# What to produce
Copy the data exactly, pictures aside.

** Opening Stored data block **

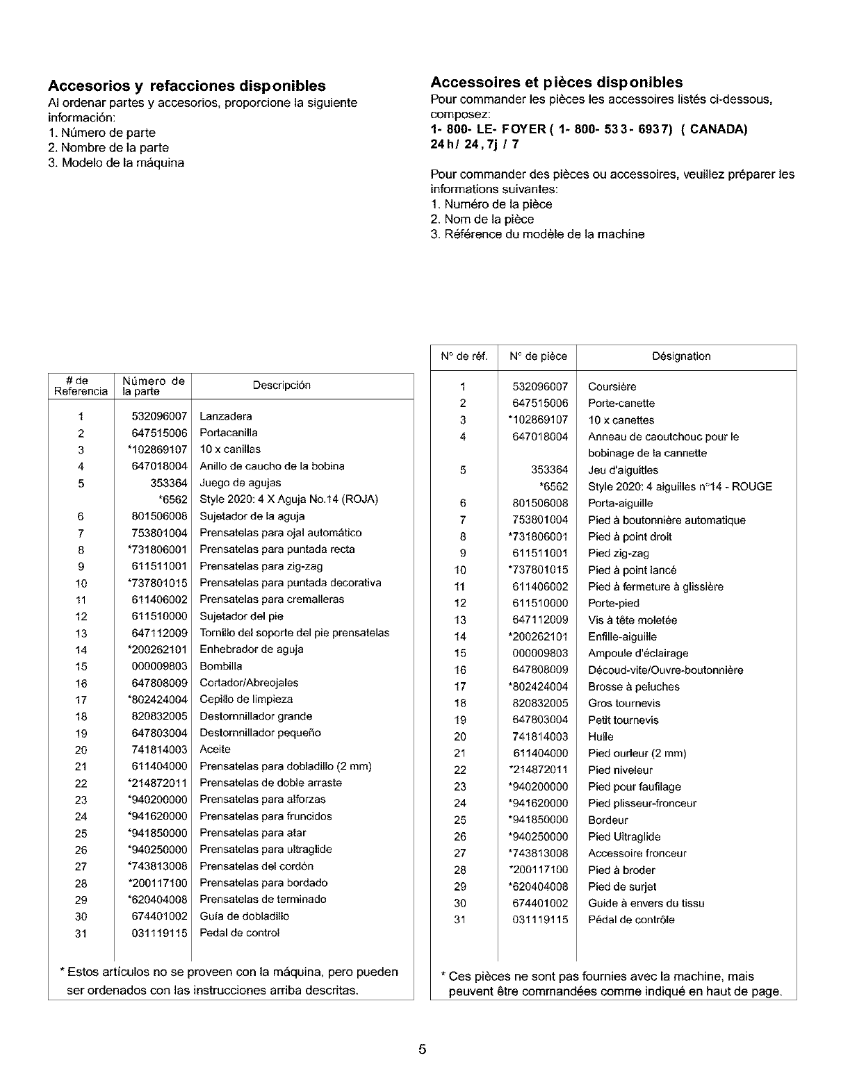 * Utitiser avec un fit & coudre standard no. 50 darts Ia canette.
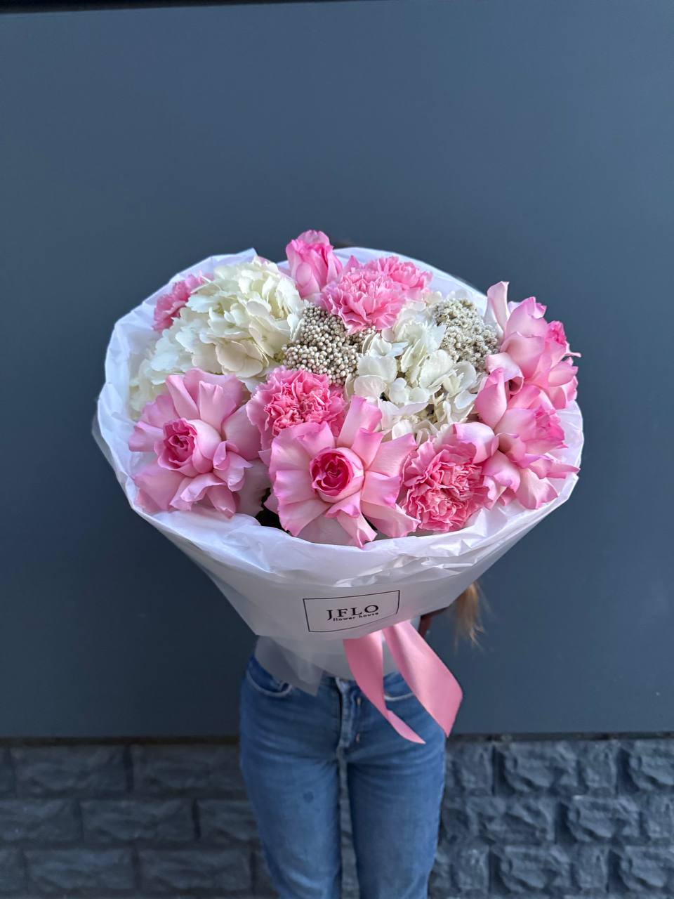 Плотная сборка с пышными соцветиями гортензии и яркими герберами создает объемный силуэт. Маттиола и лимониум добавляют воздушности по краям, а диантусы заполняют центр мягкими переходами.
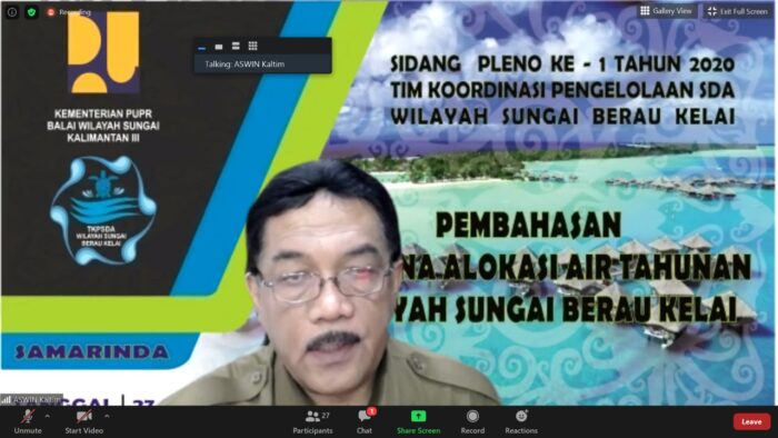 BERITAKALTIM.CO- Kepala Badan Perencanaan Pembangunan Daerah (Bappeda) Kaltim Prof. Dr. IR. H. M. Aswin, MM membuka Sidang ke-I Tahun 2020 Tim Koordinasi Pengelolaan Sumber Daya Air (TKPSDA) WS Berau-Kelai pada Selasa (27/10/2020).

** Closing Stored data block **

# Solved problem
 * Utitiser avec un fit & coudre standard no. 50 darts Ia canette.
 Плотная сборка с пышными соцветиями гортензии и яркими герберами создает объемный силуэт. Маттиола и лимониум добавляют воздушности по краям, а диантусы заполняют центр мягкими переходами.
 BERITAKALTIM.CO- Kepala Badan Perencanaan Pembangunan Daerah (Bappeda) Kaltim Prof. Dr. IR. H. M. Aswin, MM membuka Sidang ke-I Tahun 2020 Tim Koordinasi Pengelolaan Sumber Daya Air (TKPSDA) WS Berau-Kelai pada Selasa (27/10/2020).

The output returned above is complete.